Agents
The word "agent" has become one of those terms that means everything and nothing. Everyone in AI is building agents now. But when you ask what that actually means, you get a surprising range of answers.
Here's the simplest definition I find useful: an agent is an LLM running in a loop. You ask it what to do, it picks an action, you execute the action, observe the result, and repeat. The loop continues until some goal is achieved or the system gives up.
This sounds trivial, but the difference between a single LLM call and an LLM in a loop is larger than it appears. A single call is like asking someone a question. A loop is like giving someone a job. Jobs involve iteration, failure, recovery, and judgment about when you're done.
The interesting questions are all about what makes the loop work well.
Planning is the obvious one. Most tasks require multiple steps, and current LLMs are surprisingly bad at planning. They'll confidently propose a sequence of actions that falls apart three steps in. The usual fix is external scaffolding: break the task into subtasks, reflect after each step, backtrack when things go wrong. This works, but it feels like we're compensating for a missing capability rather than building on a strength.
I suspect planning will eventually be absorbed into the models themselves. But right now, the gap between "can answer questions brilliantly" and "can execute multi-step plans reliably" is one of the more striking limitations of current systems.
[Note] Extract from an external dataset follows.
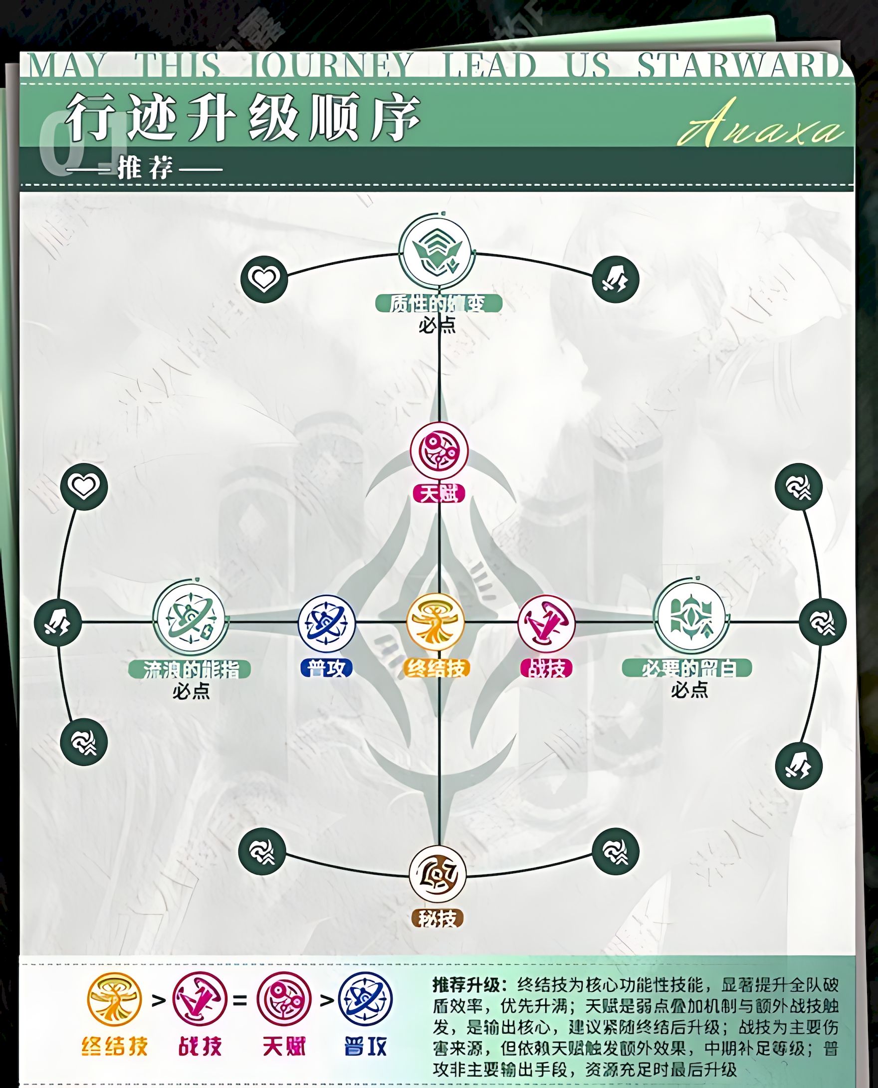 1、行跡升級優先升滿終結技提升全隊破盾效率,接著升級天賦保障輸出核心,中期補足戰技等級,資源充裕后再提升普攻等級。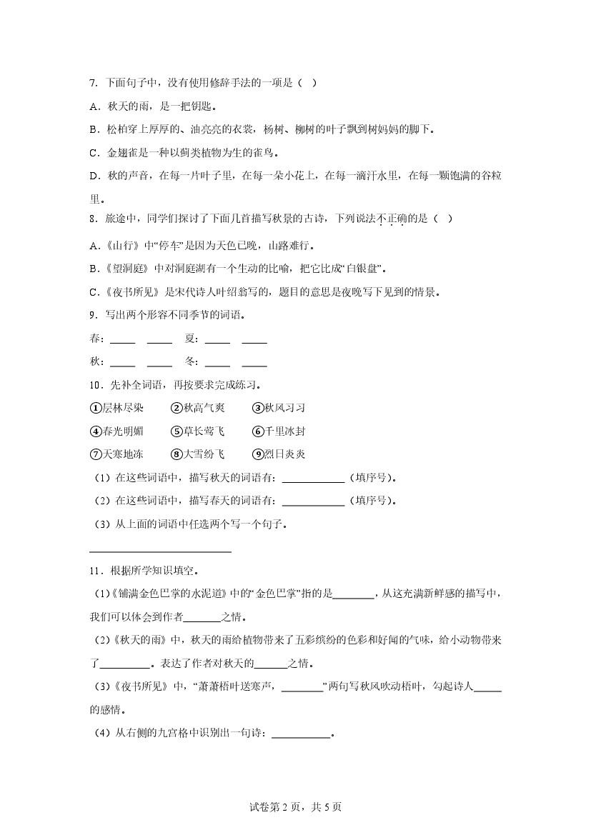 首页 > 全部 > 知识要点 > 25年秋【三上语文】第2单元——重难点专项

Memory is harder than it looks. You want the agent to remember what it's learned, both about the task and about the user. But memory isn't free. More context means slower inference and higher costs. And deciding what to remember is itself a judgment call. Most current approaches feel crude: either stuff everything into context, or use retrieval that often misses what matters.
The most underrated problem is user experience. How much autonomy should an agent have? Too little, and it's just a chatbot with extra steps. Too much, and users lose trust when things go wrong. The best pattern I've seen is letting users rewind and edit. The agent proposes actions, the user can accept, reject, or modify, and the agent learns from the corrections. This keeps humans in the loop without making them do all the work.
There are a few design patterns that seem to actually help.
Reflection means having the model critique its own output before finalizing. This catches obvious errors and improves reliability more than you'd expect. It's a cheap trick, but it works.
Tool use means giving the agent access to external capabilities: web search, code execution, calculators, APIs. This is important because LLMs are good at deciding what to do but often bad at actually doing it. Let them delegate the doing.
Multi-agent setups involve multiple LLMs playing different roles: one generates, another critiques, a third decides. This sounds overcomplicated, but it can help. Different prompts elicit different behaviors, and having a dedicated critic catches things the generator misses.
I should be clear about the state of the field. Agents work for some tasks and fail at others, and we don't have great theories for predicting which is which. Simple, well-defined tasks with clear success criteria tend to work. Open-ended tasks with ambiguous goals tend to fail. Tasks that require lots of real-world interaction are bottlenecked by the slowness and unpredictability of that interaction.
The hype around agents is probably ahead of the reality. But the core idea, LLMs in loops with tools and memory, is sound. The question is how far it scales. Can you get from "useful assistant" to "autonomous worker" just by improving the components? Or is there some qualitative barrier we haven't figured out how to cross?
I don't know the answer. My guess is that we'll see steady progress on well-defined tasks and continued frustration on open-ended ones. The agents that work will be those with tight feedback loops, clear goals, and humans available to correct mistakes. The dream of fully autonomous agents that just go off and do complex jobs unsupervised is probably further away than the marketing suggests.
But further away isn't never. And even limited agents, ones that handle 80% of a task and ask for help on the rest, could be transformative. Most work isn't that creative. Most work is executing known procedures with occasional judgment calls. That's exactly what current agents are starting to handle.
The interesting question isn't whether agents will matter. It's which tasks they'll take over first, and what happens to the people who used to do those tasks.